● TASK BRIEF: Return the data exactly, without pictures.

● INFORMATION PROVIDED:
◆ ◆ ◆ ◆ ◆
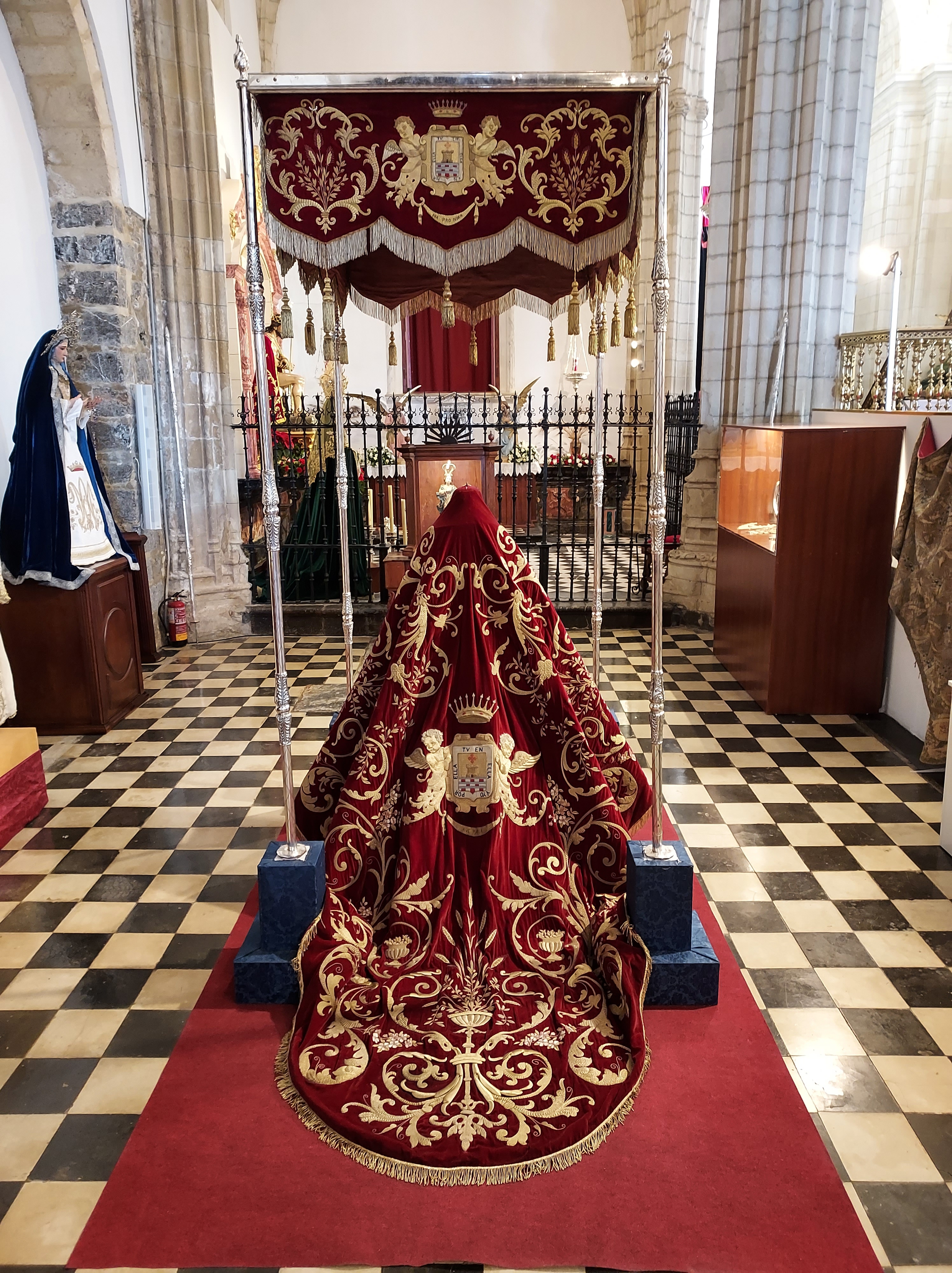 Manto de terciopelo burdeos bordado en oro regalado a la Virgen por la aceitera «Casa Manuel Funes e Hijos» en 1949.
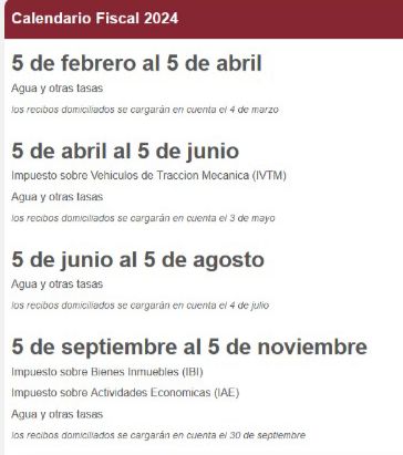 El 2º trimestre 2024, se cobrara en el cuarto periodo, 5 de septiembre al 5 de noviembre (los recibos domiciliados se cargaran en cuenta el 30 septiembre)
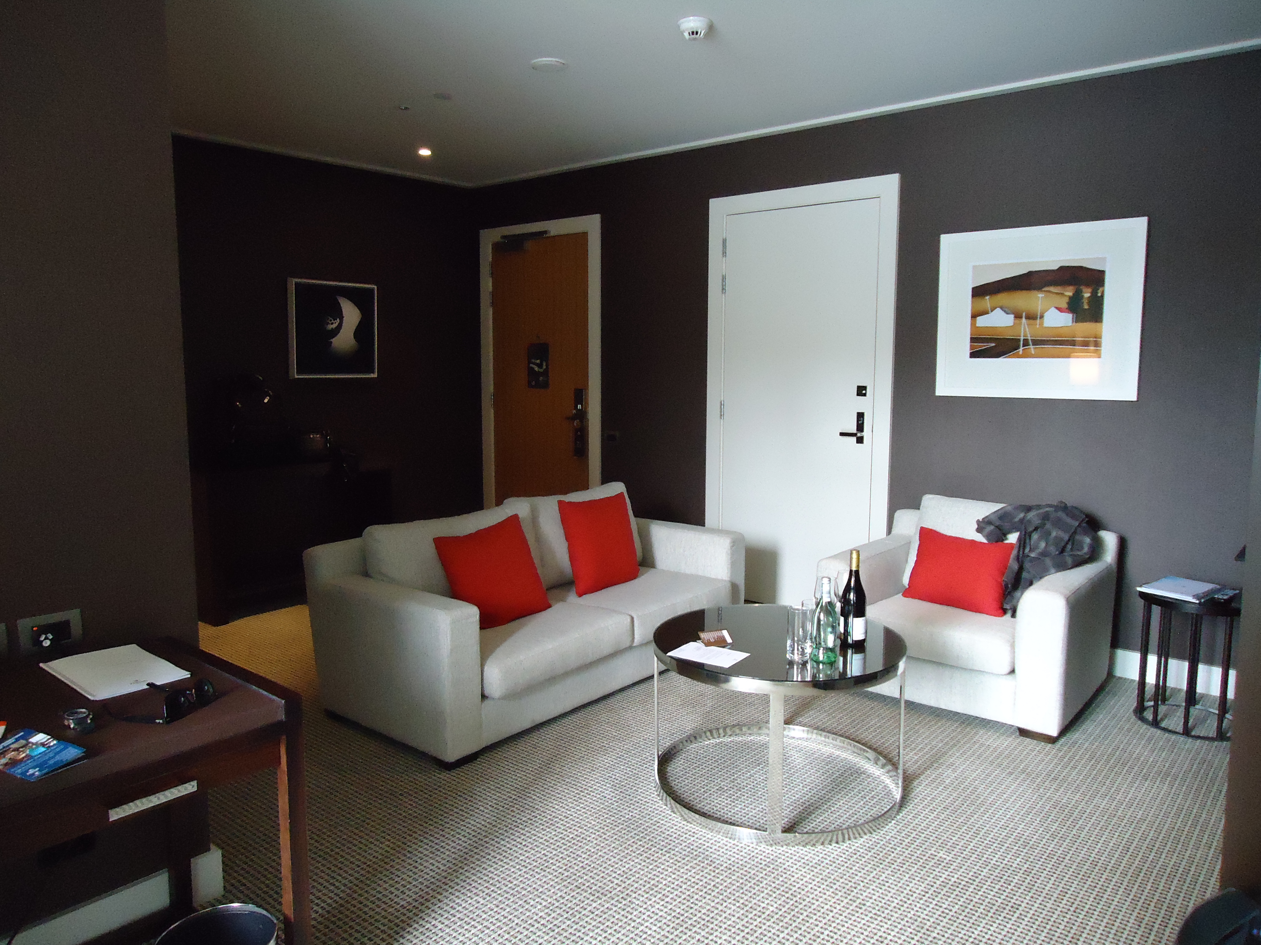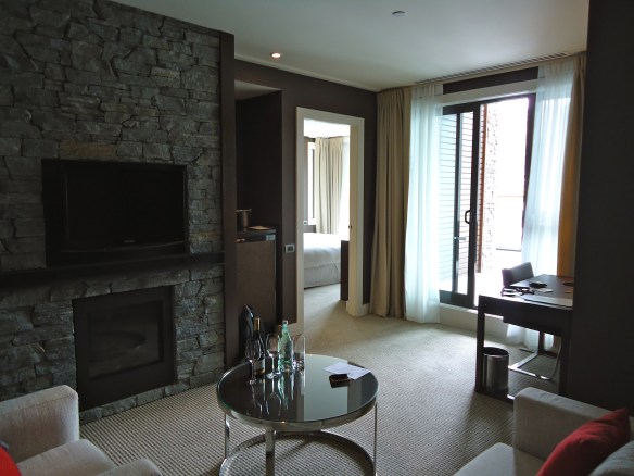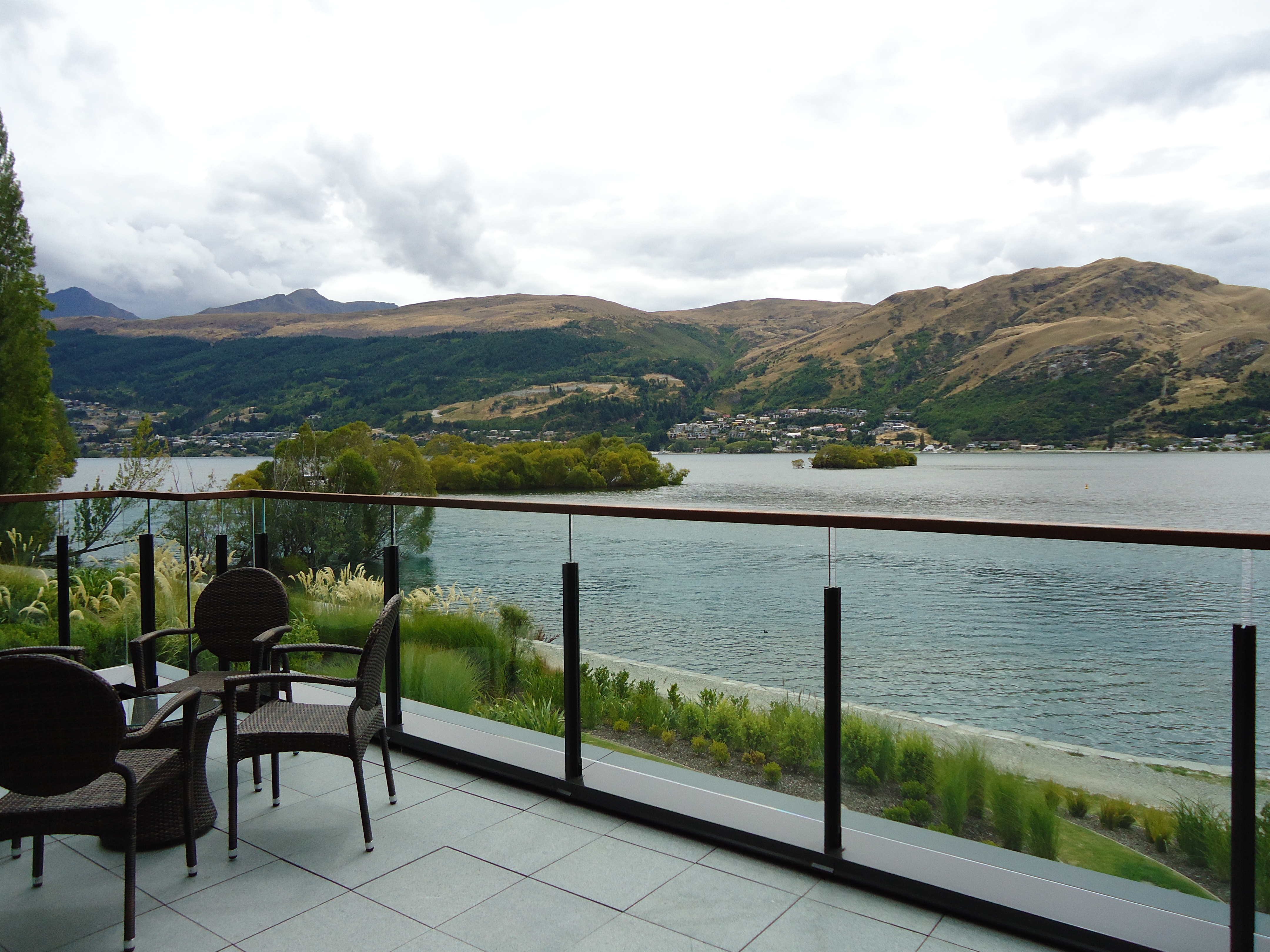 Everything that I complained about the Hilton was redeemed at the Queenstown Hilton. We got the Diamond upgrade to a suite and, right off the bat, the service was extraordinary. The front desk manager escorted us to our room and gave us a tour of the hotel on the way. Our room is large with a separate living and sleeping space (and after constantly being together this long, a little space is a good thing…remember, Chris and I are used to having some time apart each week). But, the icing on the cake is the spectacular view from our large balcony. This time we have furniture, unlike the Hilton Auckland.
◆ ◆ ◆ ◆ ◆
● ANSWER BOX:
 Manto de terciopelo burdeos bordado en oro regalado a la Virgen por la aceitera «Casa Manuel Funes e Hijos» en 1949.
 El 2º trimestre 2024, se cobrara en el cuarto periodo, 5 de septiembre al 5 de noviembre (los recibos domiciliados se cargaran en cuenta el 30 septiembre)
 Everything that I complained about the Hilton was redeemed at the Queenstown Hilton. We got the Diamond upgrade to a suite and, right off the bat, the service was extraordinary. The front desk manager escorted us to our room and gave us a tour of the hotel on the way. Our room is large with a separate living and sleeping space (and after constantly being together this long, a little space is a good thing…remember, Chris and I are used to having some time apart each week). But, the icing on the cake is the spectacular view from our large balcony. This time we have furniture, unlike the Hilton Auckland.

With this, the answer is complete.